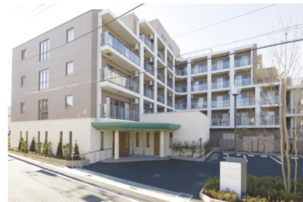
外観(平成20年3月撮影/建物・賃借)

高級感あふれる重厚な雰囲気のアプローチ。都会的で端正な外観。大きな窓のあるダイニングや各階のウッドデッキテラスなど、やわらかな光とさわやかな風に満たされ、心地よい開放感にあふれています。近隣には「希望丘公園」や「芦花公園」など緑が多く、世田谷らしい落ち着いた暮らしをお楽しみいただけます。
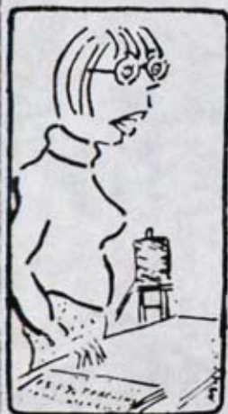
— Hoy, niños, vamos a aprender cómo llenar el cuestionario del desempleo.
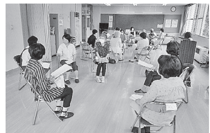
【渡利レディースセミナー】開講式(6/18)後のオリエンテーションの様子

各学級では、「健康」、「防災」、「歴史」、「地域課題」等の学級生が提案したテーマに対し、専門講師からアドバイスを受けながら、活動を進めていきます。
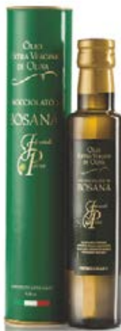
Denocciolato di Bosana
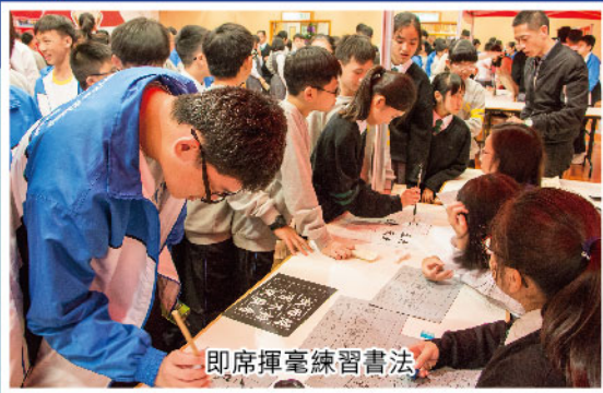
即席揮毫練習書法

中文科於11月26日至29日舉辦「趣」「脆」中文週之「沛松藝廊」，內容圍繞中國傳統藝術。同學研讀專題文章，認識中國傳統藝術的歷史與演變、文化精神與特色。同學亦到「沛松藝廊」親身體驗皮影戲、音樂、書法、戲曲、摺紙、繪畫的樂趣。活動新穎有趣，同學全情投入，寓學習於娛樂。最後一天換取「冰淇淋脆烤卷」作獎勵，其樂融融。
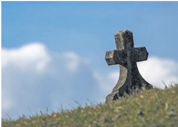
Direkt nach dem Tod eines geliebten Angehörigen schwerwiegende Entscheidungen treffen zu müssen, stellt für Angehörige häufig eine große Belastung dar.

Hat die verstorbene Person zu Lebzeiten vorsorglich bereits Entscheidungen für den Todesfall getroffen, so sollten diese unbedingt berücksichtigt werden. Gibt es Vorsorgeverträge oder Willenserklärungen zum Beisetzungsort oder dem Ablauf der Trauerfeier?
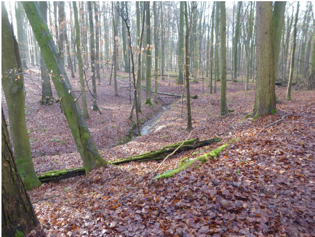
Het Zoniënwoud in Hoeilaart

Het Zoniënwoud was een van de weinige Brabantse bossen waar de bosbeweiding tot in de 19 de eeuw standhield. Vermoedelijk hield dit verband met de schaarste aan weiden en hooilanden in de gemeenten aan de rand van het Zoniënwoud en met het feit dat de eeuwenoude gebruiksrechten moeilijk af te schaffen waren. In de eerste helft van de 19 de eeuw werd bosbeweiding hoe dan ook als een relict uit lang vervlogen tijden beschouwd. Bosbouwkundigen waren van mening dat het vee niet thuishoorde in de bossen, omwille van de schade die het aanrichtte. Landbouwkundigen stonden ook sceptisch tegenover bosbeweiding, omdat de mest van de dieren niet gebruikt kon worden voor de akkers en omdat de grassen en kruiden van de bossen doorgaans minder voedzaam waren dan die van de weiden en hooilanden. 174
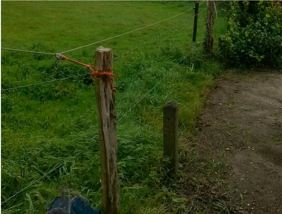
Figuur 4. Achter de zuidelijkste huizen langs de Ploegse weg in 2014: op gelijke hoogte met akker.
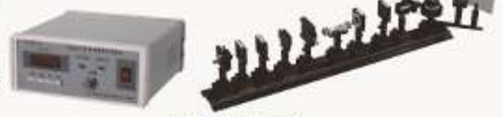
THQJA-1型空气折射率测量仪
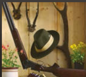
JEAN-BAPTISTE OUDRI EMLÉKÉRE, 2016 digitális fotó (részlet)
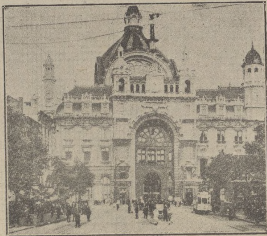
La estación central de Amberes.

Junto a la muerte se veía palpar la vida, en ese eterno y universal contraste en que discurre la existencia. Mientras las piedras del hogar caían abatidas por el hierro destructor y los cuerpos muertos eran enterrados, en los campos exhumaban los labradores el fruto de la vida que se formara en lento germinal bajo el cielo de fuego del combate. Los percherones hundían sus poderosos cascos en la mullida tierra de los bancales al tirar del arado, y del fondo del surco abierto salían los panes de tierra en los cuales parecían engastadas las patatas. Los labradores formaban montones de tubérculos siguiendo los abiertos surcos. Del campo llegaba hasta el tren el vaho áspero de
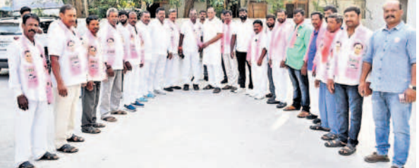
మంత్రి మల్లారెడ్డి సమక్షంలో బీఆర్ఎస్లో చేరుతున్న కొర్రెముల గ్రామ కాంగ్రెస్, యాదవ సంఘం నాయకులు

# # #

# YOUR ASSIGNMENT:
Return exactly, and only, the lines that run from the line containing "La estación central de Amberes." to the last line of the entries above, both ends included, with pictures left out.

# RESPONSE AREA:
La estación central de Amberes.

Junto a la muerte se veía palpar la vida, en ese eterno y universal contraste en que discurre la existencia. Mientras las piedras del hogar caían abatidas por el hierro destructor y los cuerpos muertos eran enterrados, en los campos exhumaban los labradores el fruto de la vida que se formara en lento germinal bajo el cielo de fuego del combate. Los percherones hundían sus poderosos cascos en la mullida tierra de los bancales al tirar del arado, y del fondo del surco abierto salían los panes de tierra en los cuales parecían engastadas las patatas. Los labradores formaban montones de tubérculos siguiendo los abiertos surcos. Del campo llegaba hasta el tren el vaho áspero de
మంత్రి మల్లారెడ్డి సమక్షంలో బీఆర్ఎస్లో చేరుతున్న కొర్రెముల గ్రామ కాంగ్రెస్, యాదవ సంఘం నాయకులు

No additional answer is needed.